26. A system according to any of the preceding claims, configured to create or use at least adaptation sets to:

multiple adaptation sets were associated with a single audio scene; and/or

additional information was provided that related each adaptation set to one audio scene; and/or

additional information was provided, which may include:

information about the boundaries of one audio scene, and/or

information about the relationship between one adaptation set and one audio scene (e.g., an audio scene is encoded into three streams, which are contained in three adaptation sets), and/or

information about the relationship between audio scene boundaries and the set of adaptation sets.

27. The system according to any of the preceding paragraphs, wherein the system is further configured to:

receive at least one first adaptation set comprising at least one audio stream associated with at least one first audio scene;

receive at least one second adaptation set comprising at least one second audio stream associated with at least two audio scenes, including said at least one first audio scene; and

provide for joining at least one first audio stream and at least one second audio stream into a new audio stream for decoding based on metadata available regarding current user movement data and/or user interaction metadata and/or user position data and/or information describing an association of at least one first adaptation set with at least one first audio scene and/or an association of at least one second adaptation set with at least one first audio scene.

28. A system according to any of the preceding claims, capable of:

decide whether to reproduce at least one audio element from at least one audio scene embedded in at least one stream and at least one additional audio element from at least one additional audio scene embedded in at least one additional stream; and

to cause, if the decision is positive, an operation of joining, or composing, or multiplexing, or superimposing, or combining said at least one additional stream of an additional audio scene with said at least one stream of at least one audio scene.
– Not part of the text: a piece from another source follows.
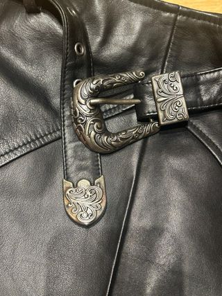 Falda midi de piel negra, un clásico atemporal con un toque vintage. - Diseño midi. - Material: Piel. - Talla: 38. - Hecha en España. * Está en perfecto estado, perdió uno de los cristales que iba en medio de los dos que aparecen. Hago envíos, también se puede recoger en calle Jaime el Conquistador, cerca de los metros Legazpi y Delicias (28045).

29. The system according to any of the preceding claims, configured to operate on metadata associated with the selected audio streams based on at least current user movement data and/or user interaction metadata and/or user position data, in order to:

select and/or enable and/or activate the audio elements that make up the audio scene that you decide to play; and/or

ensure that all selected audio streams are combined into a single audio stream.

30. A method for receiving audio streams for playback, comprising the steps of:

decode audio signals from audio streams; and

requesting and/or receiving at least one audio stream based on current user movement data and/or user interaction metadata and/or user position data;

wherein the method includes receiving metadata describing that at least one second audio element is further associated with the second audio scene,

wherein the method includes requesting and/or receiving at least one first and second audio elements when the user's position is associated with the first audio scene,

wherein the method includes requesting and/or receiving at least one second and third audio elements when the user's position is in the second audio scene, and

wherein the method includes requesting and/or receiving at least the first, second and third audio elements in the event of a transition between the first audio scene and the second audio scene.

31. A computer program containing instructions that, when executed by a processor, cause the processor to perform the method of paragraph 30.